Furthermore, the flame sensor 13 comprises an ignition device 15, for example a heat source or a spark generator. As soon as oxygen penetrates into the region of the flame sensor 13, the ignition device 15 ignites the combustible gas. In the example shown, the flame is detected by an optical tracking system 16. In front of the lens assembly 18 which directs the light generated to the photocell 19, a protective glass 17 may be placed. In this way it is possible to readily detect the presence of oxygen in the feed line 1.
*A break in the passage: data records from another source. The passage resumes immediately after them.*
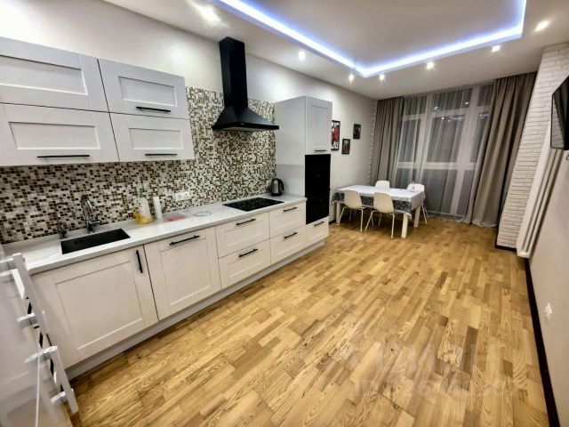 - Кухня-гостинная, укомплектованная кухня со встроенной техникой ( варочная панель, духовка с свч, холодильник с морозильной камерой, посудомоечная машина, питьевой фильтр, измельчитель пищевых отходов ). На кухне утеплённая лоджия - окна на Юг.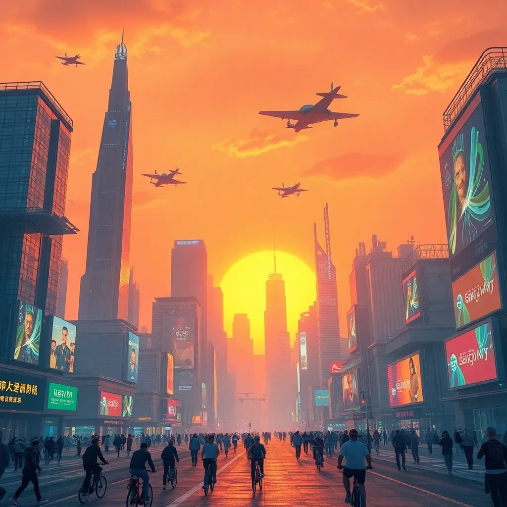 Create a futuristic cityscape at sunset, with towering skyscrapers, flying cars, and a bright orange sky. Incorporate neon lights and holographic advertisements. The scene should be bustling with activity, with people walking, cycling, and using hoverboards. The image should evoke a sense of innovation and progress.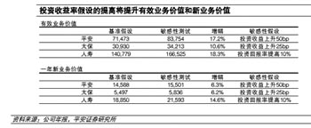 國信證券發(fā)布的報告也表示,壽險假設貼現(xiàn)率10%—11%、長期投資回報率4.7%—5.0%、21—24倍新業(yè)務乘數(shù),產(chǎn)險、銀行、證券按2倍PB,信托、集團及其他按1倍PB計算,人壽、平安、太保2011年估值分別為35.5元/股、102.1元/股、34.4元/股,分別較目前股價有31.3%、57.1%、27.1%上漲空間。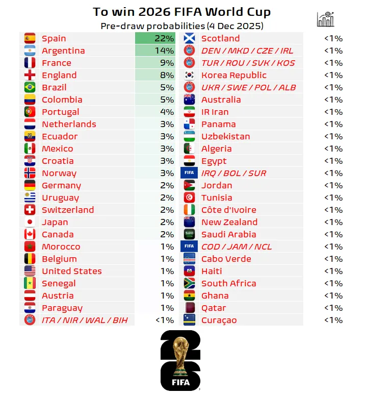 Таким чином стало відомо, що найвірігоднішим переможцем є чинний чемпіон Європи – збірна Іспанії, шанси якої оцінюють у 22%. Другим найімовірнішим переможцем вважають збірну Аргентини, яка є чинним чемпіоном світу – їй відводять 14% на успіх на Мундіалі в США, Мексиці та Канаді.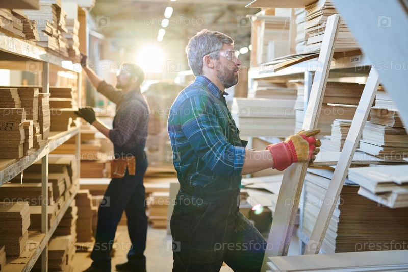 Седой ручной рабочий проверяет деревянные доски на складе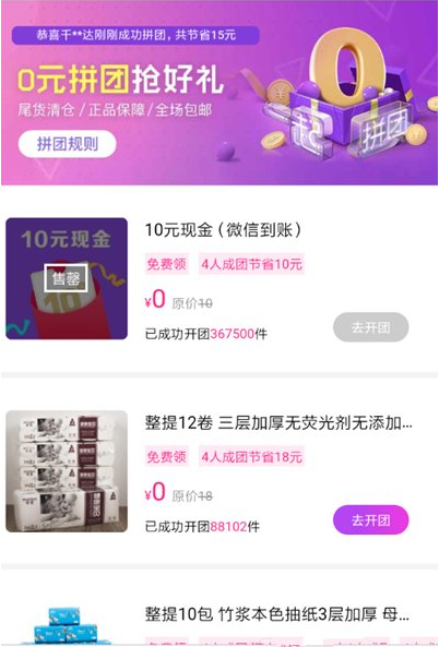 3、而根据规则限定,用户每天最多开5个0元拼购团,而且只有新注册或者没有支付过的用户才能参团一次,大家赶快去拉人参团吧。

Instead of the optical method of monitoring the flame sensor 13, it is also possible to use a corresponding acoustic or temperature sensor.

Claims (7)

PATENT CLAIMS A method for monitoring the operation of an abrasive substance feed device by means of a fluid as a carrier through at least one burner to a melter gasifier, wherein the direction of fluid flow is measured in the duct of a feed system downstream of the at least one burner. the presence of hot gases or oxygen flowing into the feed system from the melter gasifier, wherein upon detection of oxygen inlet, the feed is closed, characterized in that the gas pressure in the melter gasifier and in the duct (3) downstream of the at least one burner is measured; and if a pressure increase in the pipeline (3) is detected without simultaneously detecting a pressure increase in the melter gasifier, a switching signal is generated. 2. A method for monitoring the operation of an abrasive substance feed device by means of a fluid as a carrier through at least one burner to a melter gasifier, in which the direction of fluid flow downstream of the at least one burner seen downstream of the melter gasifier is measured. of hot gases or oxygen flowing into the feed system from the melter gasifier, wherein the oxygen inlet is closed, characterized in that pressure is measured in at least two measuring channels (1, 2) having relative to the axial direction of the duct ( 3) different angles of inclination. Method according to claim 2, characterized in that a measuring substance is injected into the carrier stream in an amount relatively small relative to the carrier stream through the measuring channels (1, 2). Method according to claim 3, characterized in that the volumetric flow rate of the measuring substance is kept constant in both measuring channels (1, 2). Method according to claim 3 or 4, characterized in that an inert gas is used as the measuring substance. Method according to claim 5, characterized in that nitrogen is used. A method for monitoring the operation of an abrasive substance feed device by means of a fluid as a carrier through at least one burner to a melter gasifier, in which the direction of fluid flow downstream of the at least one burner seen in the direction of the fusion gasifier device is measured. the presence of hot gases or oxygen flowing into the feed system from the melter gasifier, wherein upon detection of oxygen penetration the feed is closed, characterized in that the flame sensor (13) located in the duct (3) is monitored optically or acoustically.